Toronto clôture en hausse

La Bourse de Toronto a atteint son plus haut niveau en sept semaines mercredi, malgré un important recul du cours du pétrole brut.

Les investisseurs « réintègrent » lentement le marché, espérant voir des progrès sur le front des conflits commerciaux, a observé Colin Cieszynski, stratège en chef des marchés chez SIA Wealth Management.

« Je pense qu’ils ont le sentiment que certains des pires risques liés aux guerres commerciales sont en train de disparaître », a-t-il estimé lors d’une entrevue.

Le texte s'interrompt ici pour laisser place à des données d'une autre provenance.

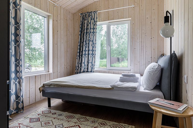 Cтильный бapнxaуc 60м2 + терраcа 20м2 c паноpaмными oкнaми для 4-5 гoстeй.
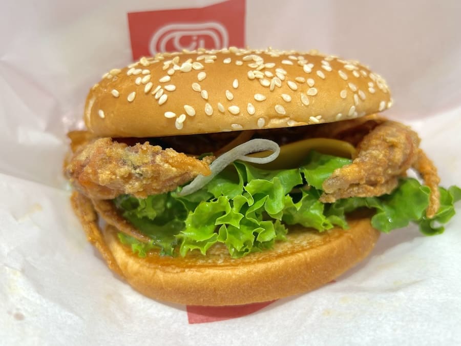 高級食材であるソフトシェルクラブを丸ごと挟んだ衝撃のビジュアルと、柔らかなカニの旨みがたっぷり味わえる美味しさで大人気に。その後、期間限定で再販売を繰り返しています。
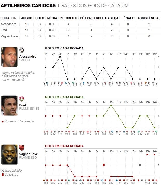 Em 42 disputas, o Rio registrou 17 artilheiros, mais do que qualquer outro estado. O Vasco tem oito, com destaque para Romário (três vezes) e Roberto Dinamite (duas); o Flamengo, quatro, sendo três com Zico; Fluminense e Botafogo, dois cada; e América, um. Nesta temporada, o trio goleador já passou por jejum e tem média inferior, por exemplo, à que conseguiu o então santista Borges no ano passado (0,74). Fred é quem mais se aproxima do número, com 0,73. Love tem 0,56, e Alecsandro, 0,5, estatística que ele crê ser suficiente para brigar até o fim.

Les États-Unis et la Chine se préparent à reprendre les négociations le mois prochain, et le Parlement britannique a adopté une loi visant à contrecarrer un Brexit dur fin octobre. Les Chinois ont contribué à l’amélioration de la confiance en reculant sur l’imposition de nouveaux tarifs.

« Sur certains produits sélectionnés, ils ont renoncé à appliquer de nouveaux tarifs et cela a donc aidé », a souligné M. Cieszynski.

L’indice composé S&P/TSX du parquet torontois a avancé de 73,80 points pour terminer la séance à 16 611,14 points, son plus haut niveau depuis le 24 juillet. Avec ce gain, l’indice phare ne se situe plus qu’à 62 points de son sommet historique d’avril.

Sept des onze grands secteurs du TSX ont progressé mercredi, dirigés par la hausse de 1,9 % de celui des technologies de l’information.

Les groupes de la consommation discrétionnaire, de la finance, de la santé, des télécommunications, des services publics et des matériaux ont aussi progressé.

Sur le marché des devises, le dollar canadien s’est négocié au cours moyen de 75,87 cents US, en baisse par rapport à son cours moyen de 76,03 cents US de la veille.

À la Bourse des matières premières de New York, le cours du pétrole brut a reculé de 1,65 $ US à 55,75 $ US le baril, tandis que celui de l’or a progressé de 4,00 $ US à 1503,20 $ US l’once. Le prix du cuivre s’est pour sa part déprécié de 1,35 cent US à 2,61 $ US la livre.